━━━ DATA FOR THIS TASK ━━━
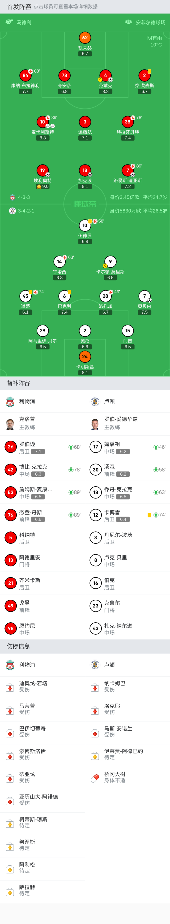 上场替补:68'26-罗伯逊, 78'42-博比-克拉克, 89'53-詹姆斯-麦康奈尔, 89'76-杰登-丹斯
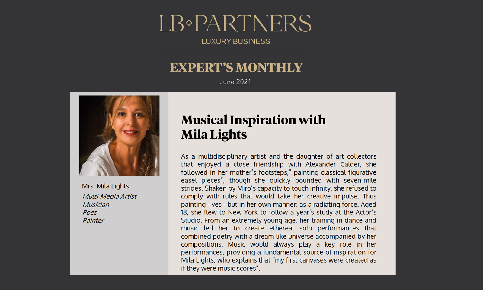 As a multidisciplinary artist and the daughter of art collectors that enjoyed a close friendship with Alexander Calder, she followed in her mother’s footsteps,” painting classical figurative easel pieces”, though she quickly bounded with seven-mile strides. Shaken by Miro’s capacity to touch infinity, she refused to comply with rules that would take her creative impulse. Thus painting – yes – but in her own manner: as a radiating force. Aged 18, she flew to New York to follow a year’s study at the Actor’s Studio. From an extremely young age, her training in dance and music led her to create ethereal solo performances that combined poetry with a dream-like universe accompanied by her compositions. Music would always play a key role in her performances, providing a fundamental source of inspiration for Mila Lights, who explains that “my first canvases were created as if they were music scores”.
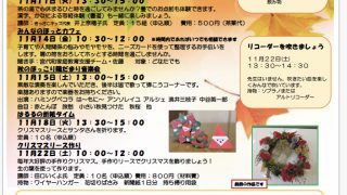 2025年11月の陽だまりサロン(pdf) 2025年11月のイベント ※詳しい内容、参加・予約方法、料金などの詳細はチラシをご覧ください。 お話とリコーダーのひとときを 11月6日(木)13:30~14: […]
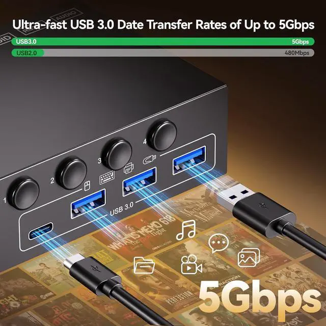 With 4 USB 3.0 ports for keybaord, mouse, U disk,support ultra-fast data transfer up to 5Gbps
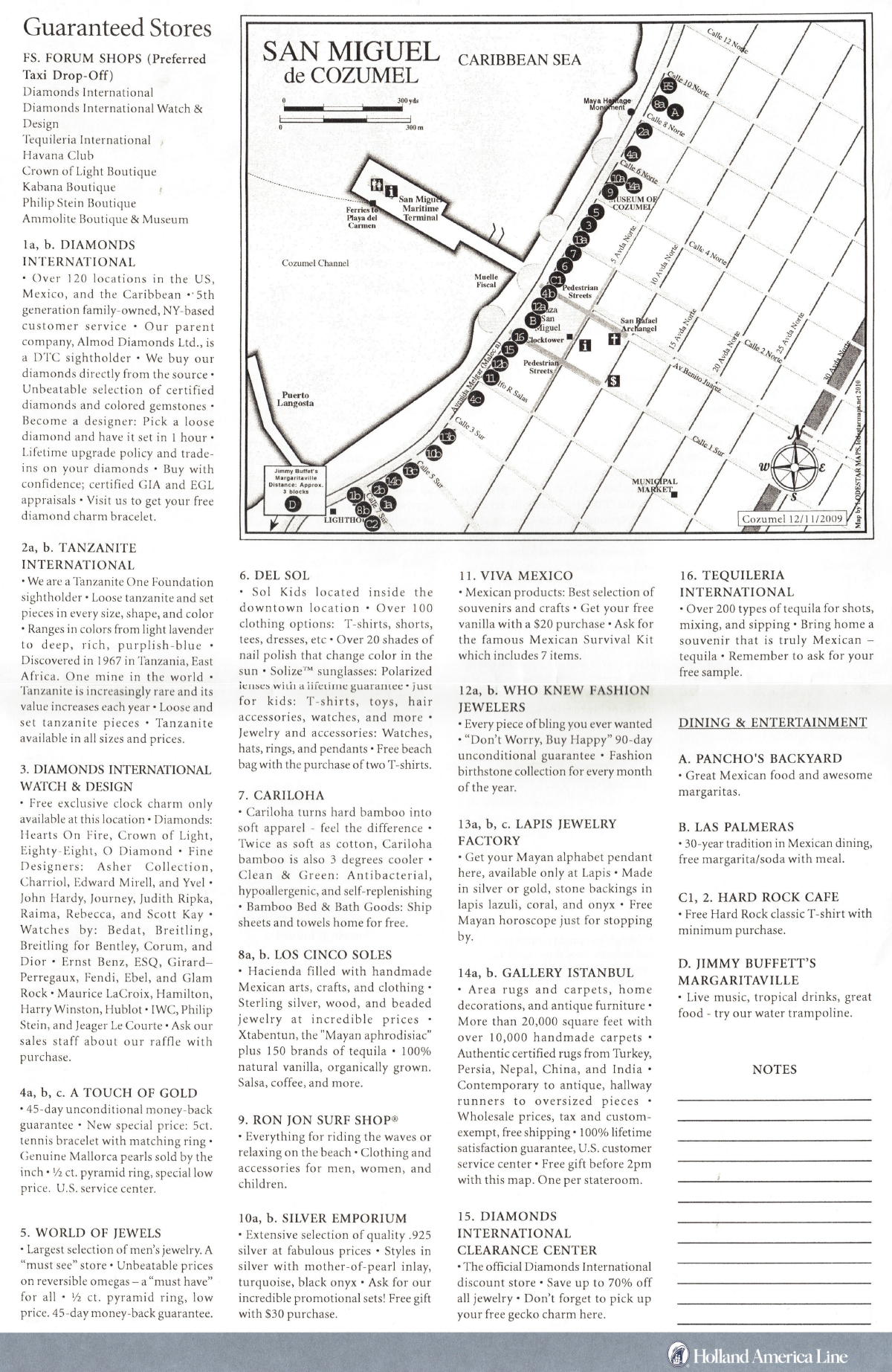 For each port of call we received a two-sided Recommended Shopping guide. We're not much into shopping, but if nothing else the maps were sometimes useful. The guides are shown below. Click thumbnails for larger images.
━━━
━━━ DATA FOR THIS TASK ━━━
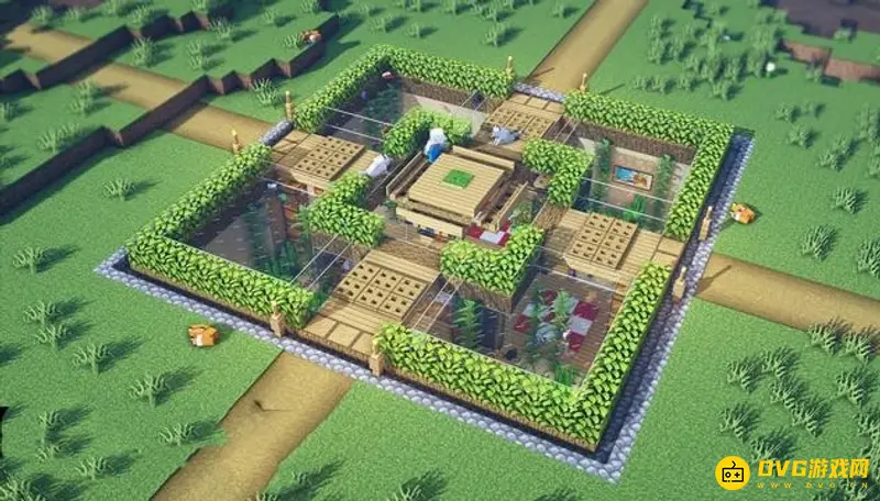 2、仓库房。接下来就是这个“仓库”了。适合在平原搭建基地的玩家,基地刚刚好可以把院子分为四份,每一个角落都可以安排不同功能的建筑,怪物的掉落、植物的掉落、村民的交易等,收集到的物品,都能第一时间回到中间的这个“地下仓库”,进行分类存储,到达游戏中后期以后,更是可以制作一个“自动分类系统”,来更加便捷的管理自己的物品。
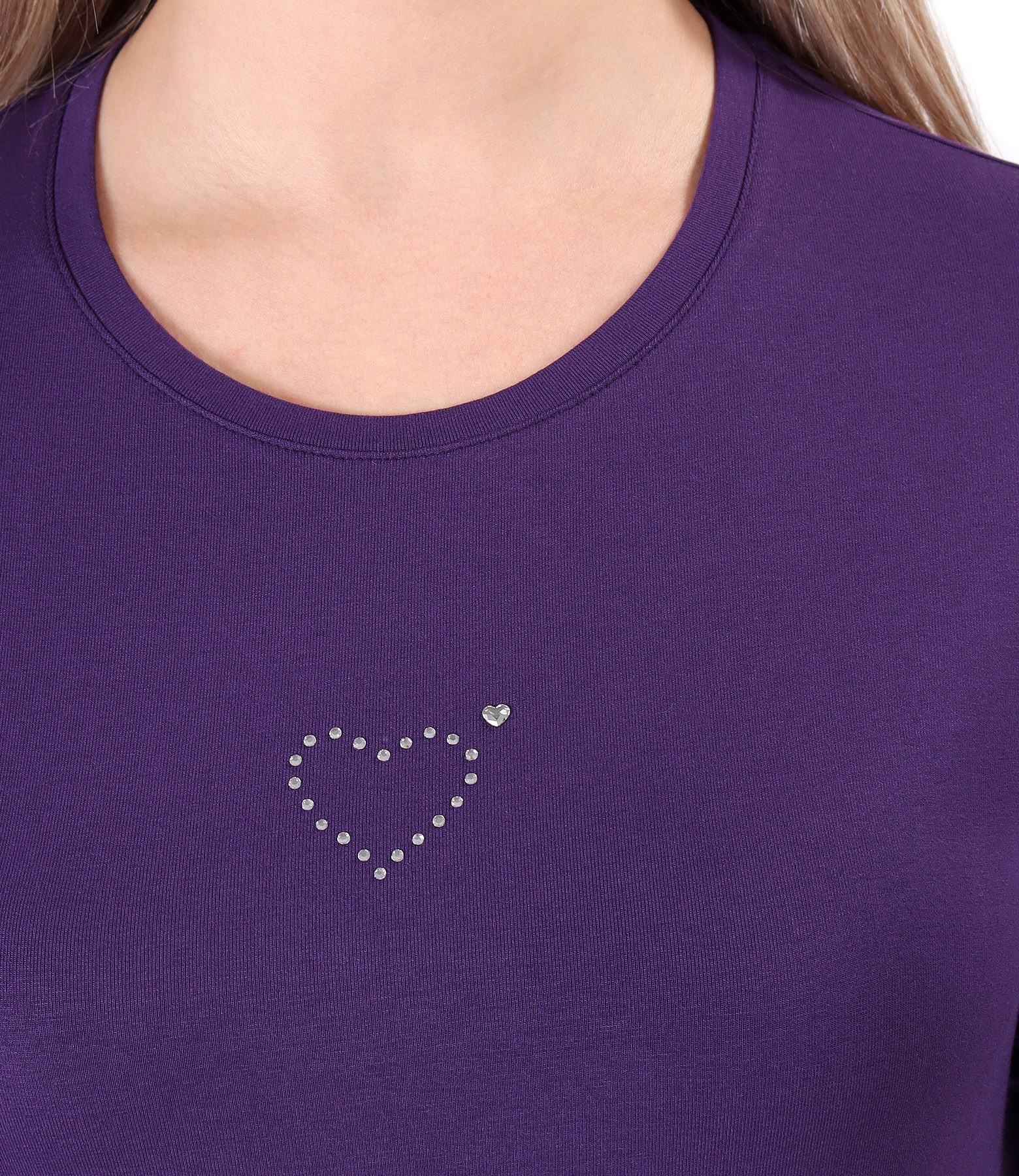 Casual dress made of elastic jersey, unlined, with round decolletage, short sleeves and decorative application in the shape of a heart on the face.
━━━
━━━ DATA FOR THIS TASK ━━━
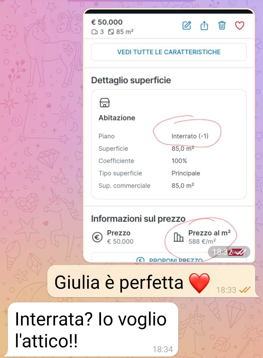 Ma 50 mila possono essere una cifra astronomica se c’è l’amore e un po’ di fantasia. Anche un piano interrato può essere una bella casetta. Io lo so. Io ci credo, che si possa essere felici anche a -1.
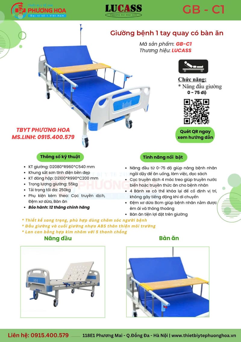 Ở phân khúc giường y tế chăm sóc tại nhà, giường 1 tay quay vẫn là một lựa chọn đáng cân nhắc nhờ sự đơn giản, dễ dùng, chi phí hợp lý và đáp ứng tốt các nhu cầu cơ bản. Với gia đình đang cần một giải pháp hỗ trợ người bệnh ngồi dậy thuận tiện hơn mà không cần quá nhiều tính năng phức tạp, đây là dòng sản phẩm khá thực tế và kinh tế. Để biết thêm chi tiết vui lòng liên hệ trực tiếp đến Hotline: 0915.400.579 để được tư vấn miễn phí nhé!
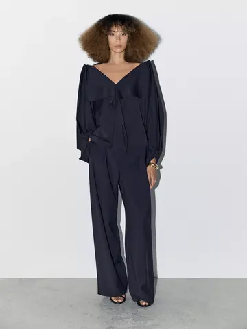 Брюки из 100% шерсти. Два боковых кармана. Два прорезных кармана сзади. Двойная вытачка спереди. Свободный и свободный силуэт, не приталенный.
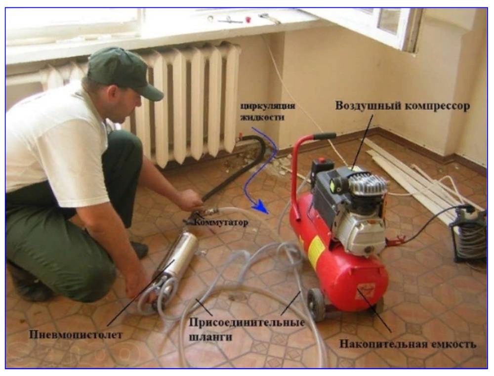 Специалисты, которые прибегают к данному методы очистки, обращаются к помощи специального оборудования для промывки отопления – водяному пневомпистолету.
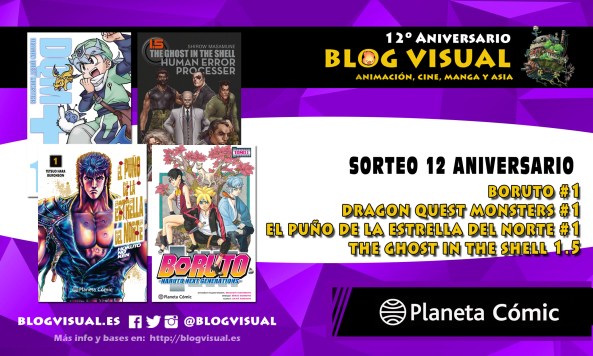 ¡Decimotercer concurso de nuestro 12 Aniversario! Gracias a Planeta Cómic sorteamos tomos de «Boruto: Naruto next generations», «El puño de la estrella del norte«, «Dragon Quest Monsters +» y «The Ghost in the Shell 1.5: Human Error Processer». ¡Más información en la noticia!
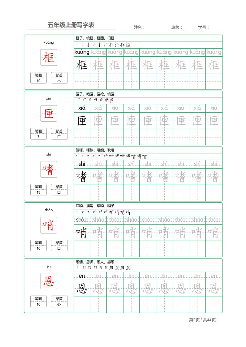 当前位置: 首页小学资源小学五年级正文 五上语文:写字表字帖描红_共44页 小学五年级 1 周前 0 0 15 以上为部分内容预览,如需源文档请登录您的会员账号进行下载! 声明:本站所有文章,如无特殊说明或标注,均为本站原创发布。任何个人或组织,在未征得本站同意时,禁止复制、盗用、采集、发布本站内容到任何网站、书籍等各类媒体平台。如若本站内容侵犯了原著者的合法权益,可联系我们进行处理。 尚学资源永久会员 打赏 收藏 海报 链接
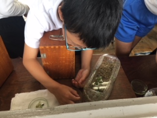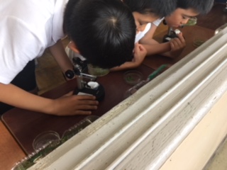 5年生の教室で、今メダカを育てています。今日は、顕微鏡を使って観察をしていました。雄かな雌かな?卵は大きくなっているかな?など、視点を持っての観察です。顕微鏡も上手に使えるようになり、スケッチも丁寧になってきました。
━━━
### WORK TO COMPLETE:
Extract, without any images, the part of the material above that opens with the line containing "Ma 50 mila possono" and closes with the line containing "Специалисты, которые прибегают", both lines included.

### SOLUTION FOR THIS TASK:
 Ma 50 mila possono essere una cifra astronomica se c’è l’amore e un po’ di fantasia. Anche un piano interrato può essere una bella casetta. Io lo so. Io ci credo, che si possa essere felici anche a -1.
 Ở phân khúc giường y tế chăm sóc tại nhà, giường 1 tay quay vẫn là một lựa chọn đáng cân nhắc nhờ sự đơn giản, dễ dùng, chi phí hợp lý và đáp ứng tốt các nhu cầu cơ bản. Với gia đình đang cần một giải pháp hỗ trợ người bệnh ngồi dậy thuận tiện hơn mà không cần quá nhiều tính năng phức tạp, đây là dòng sản phẩm khá thực tế và kinh tế. Để biết thêm chi tiết vui lòng liên hệ trực tiếp đến Hotline: 0915.400.579 để được tư vấn miễn phí nhé!
 Брюки из 100% шерсти. Два боковых кармана. Два прорезных кармана сзади. Двойная вытачка спереди. Свободный и свободный силуэт, не приталенный.
 Специалисты, которые прибегают к данному методы очистки, обращаются к помощи специального оборудования для промывки отопления – водяному пневомпистолету.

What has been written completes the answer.